Fadli juga menilai tren turunnya data Covid-19 di DKI tetap harus dilihat secara kritis. Berdasarkan data Fakultas Kesehatan Masyarakat Universitas Indonesia, dalam dua pekan terakhir tingkat penularan Covid-19 di DKI Jakarta memang turun.
Pada 31 Mei lalu, angkanya berkisar antara 0,89 hingga 1,22. Meski begitu, Fadli mengatakan tren penurunan itu mestinya dihubungkan dengan dibukanya keran mudik alias pulang kampung menjelang lebaran.
Data Jasa Marga mencatat ada 465.582 kendaraan keluar dari Jakarta dalam rentang waktu H-7 hingga H-1 sebelum lebaran. Sedangkan Polda Metro Jaya menyebut hanya 25 ribu kendaraan yang berhasil dihalau untuk putar balik.
Kendati kasus di Jakarta menurun, malah terjadi peledakan jumlah penderita Covid-19 di Surabaya hingga kota tersebut kini memasuki zona merah. "Melandainya kurva DKI saat ini bisa jadi disebabkan karena angkanya kini terdistribusi ke daerah melalui peristiwa mudik atau pulang kampung tadi."
3. Basis data tak proporsional
Fadli mengatakan basis data pemerintah juga tak proporsional.

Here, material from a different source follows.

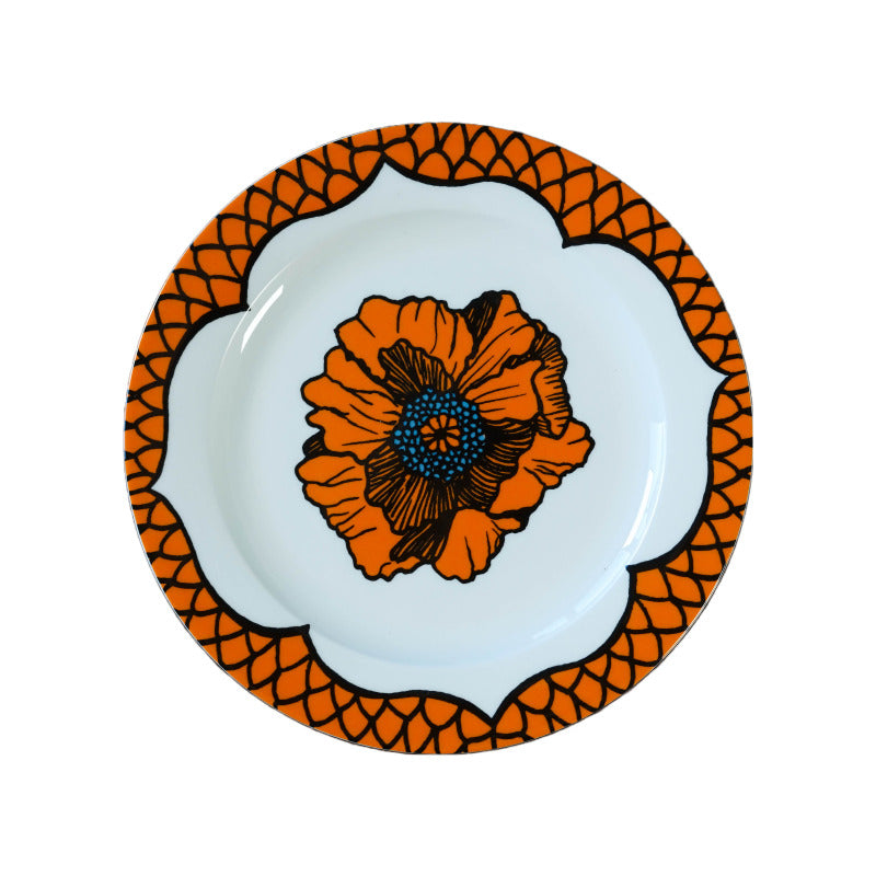 Add a touch of class to your dinner table with this porcelain painted orange flower plates. These gorgeous Porcelain Dinner Plates by Sarita Mishaan feature a vibrant floral pattern in orange and white. These handmade dinner plates are a combination of beauty and functionality.
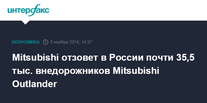 Москва. 5 ноября. INTERFAX.RU - Российское подразделение японского автомобилестроительного концерна Mitsubishi ООО "ММС Рус" объявило об отзыве 35,484 тыс. автомобилей Mitsubishi Outlander в России, говорится в сообщении Росстандарта.

Mengutip data Worldometer, Indonesia memiliki tingkat pengujian terburuk di antara negara-negara yang paling terpengaruh oleh Covid-19. Pemerintah sejauh ini hanya bisa melakukan 967 tes untuk setiap 1 juta penduduk.
Fadli membandingkan dengan Amerika Serikat yang melakukan 46.951 tes untuk setiap 1 juta penduduk, Singapura yang mencapai 57.249 per 1 juta penduduk, atau Malaysia yang berada di angka 16.083 per 1 juta penduduk.
WHO sendiri pun menganjurkan syarat minimal pemeriksaan Covid-19 adalah 1 orang per 1.000 penduduk per minggu. Dengan jumlah penduduk 273 juta, artinya per pekan seharusnya ada tes bagi 273 ribu penduduk. Dihitung sejak kasus pertama 2 Maret lalu, mestinya Indonesia sudah melakukan 3.276.000 tes.
Jika meniru pola Korea Selatan yang melakukan tes terhadap 0,6 persen penduduk, Indonesia seharusnya sudah melakukan tes terhadap 1.638.000 orang. Namun menurut data Gugus Tugas, lanjut Fadli Zon, hingga 2 Juni Indonesia baru 237.947 orang yang telah menjalani pemeriksaan Covid-19. "Jumlah yang sangat kecil dan tidak proporsional," ucap dia.